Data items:

━━━━━━━━

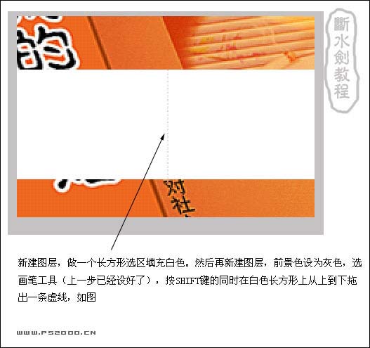 5、新建一個圖層,做一個長方形選區,填充白色。然后再新建一個圖層,前景顏色設置為黑色,選擇畫筆工具,按shift同時在白色長方形上從上到下拖出一條虛線。
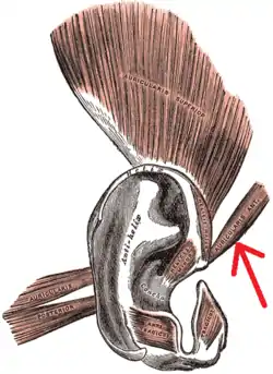 ![]() The muscles of the auricula. Anterior auricular is at right (indicated by the red arrow). | |
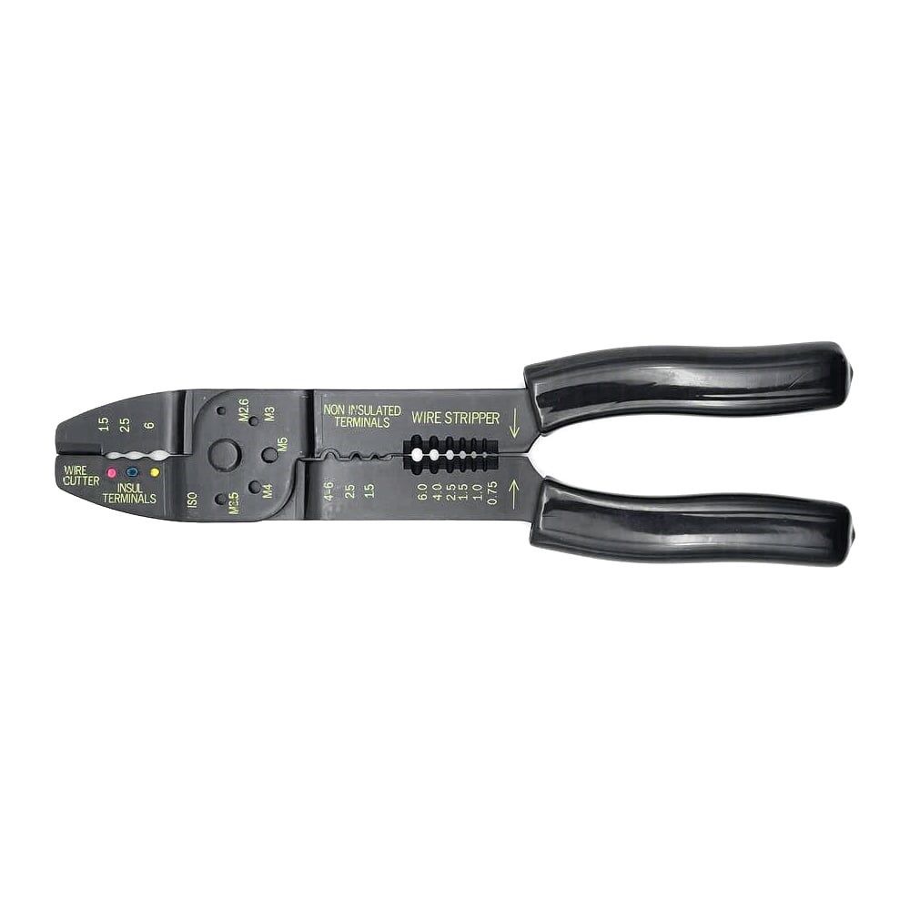 Пресс-клещи Felo для изолированных и неизолированных кабельных наконечников 0,75-6 мм2 59232040 применяются для качественной и быстрой резки кабелей, удаления изоляции с проводов, а также опрессовки кабельных кольцевых изолированных наконечников и штекеров. Подходят для зачистки проводов сечением от 0,75 до 6,0 мм, обжима клемм на проводах сечением от 1,5 до 6,0 мм. Также инструмент обладает режущими элементами для разрезания медных и латунных резьбовых шпилек М 2,6, М 3,0; М 3,5; М 4,0 и М 5,0. Клещи просты и удобны в применении, их прорезиненные рукоятки имеют эргономичную форму для удобства удержания, а корпус выполнен из прочной закаленной стали.
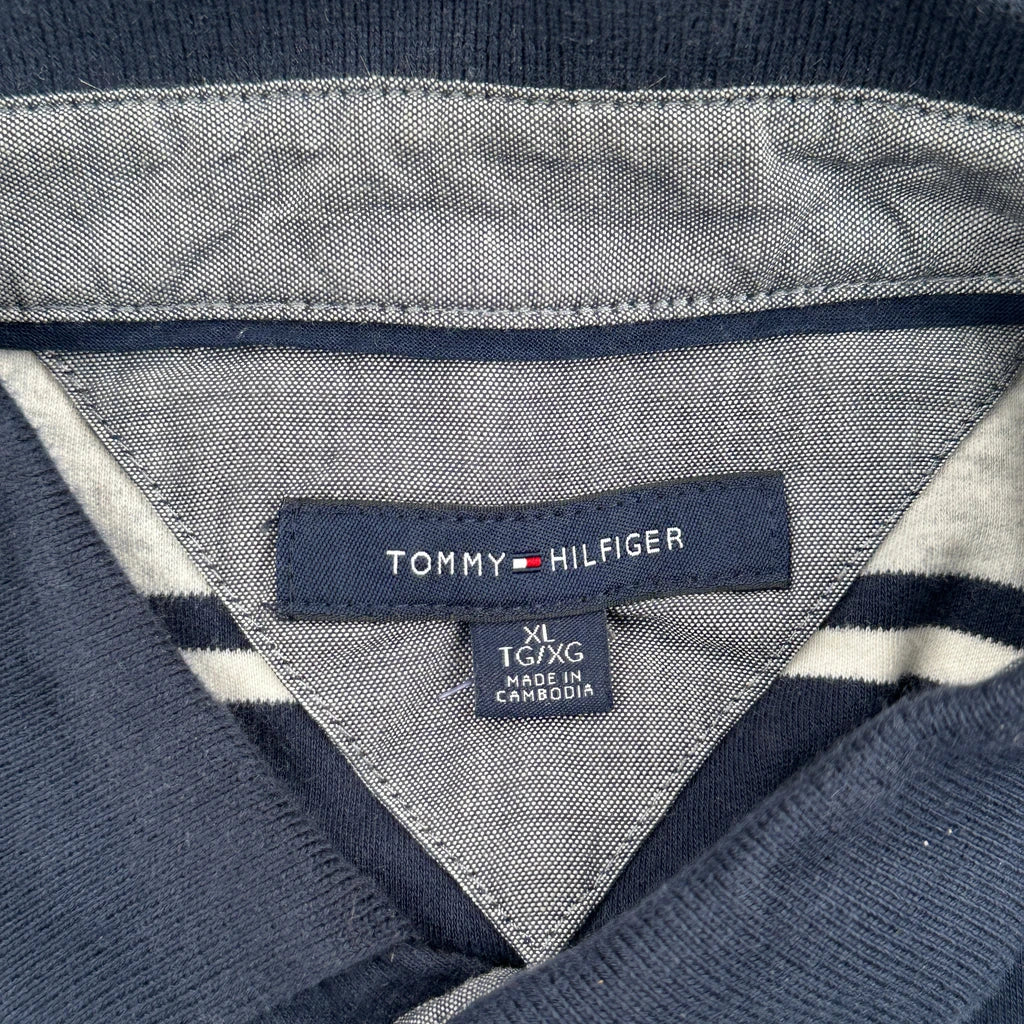 Tommy Hilfiger Striped Polo Shirt - XL Grey Cotton
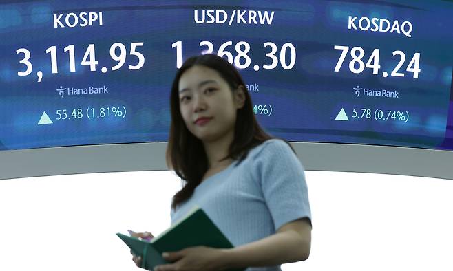 | 한숨 돌린 증시 도널드 트럼프 미국 대통령이 8월1일부터 모든 한국산 제품에 25%의 상호관세를 부과하겠다고 통보한 8일 오후 서울 중구 하나은행 딜링룸 전광판에 코스피 종가와 환율이 표시돼 있다. 뉴스1 |

━━━━━━━━

Exercise prompt>
The records above must be repeated exactly, minus their pictures.

Exercise solution>
 5、新建一個圖層,做一個長方形選區,填充白色。然后再新建一個圖層,前景顏色設置為黑色,選擇畫筆工具,按shift同時在白色長方形上從上到下拖出一條虛線。
 ![]() The muscles of the auricula. Anterior auricular is at right (indicated by the red arrow). | |
 Пресс-клещи Felo для изолированных и неизолированных кабельных наконечников 0,75-6 мм2 59232040 применяются для качественной и быстрой резки кабелей, удаления изоляции с проводов, а также опрессовки кабельных кольцевых изолированных наконечников и штекеров. Подходят для зачистки проводов сечением от 0,75 до 6,0 мм, обжима клемм на проводах сечением от 1,5 до 6,0 мм. Также инструмент обладает режущими элементами для разрезания медных и латунных резьбовых шпилек М 2,6, М 3,0; М 3,5; М 4,0 и М 5,0. Клещи просты и удобны в применении, их прорезиненные рукоятки имеют эргономичную форму для удобства удержания, а корпус выполнен из прочной закаленной стали.
 Tommy Hilfiger Striped Polo Shirt - XL Grey Cotton
 | 한숨 돌린 증시 도널드 트럼프 미국 대통령이 8월1일부터 모든 한국산 제품에 25%의 상호관세를 부과하겠다고 통보한 8일 오후 서울 중구 하나은행 딜링룸 전광판에 코스피 종가와 환율이 표시돼 있다. 뉴스1 |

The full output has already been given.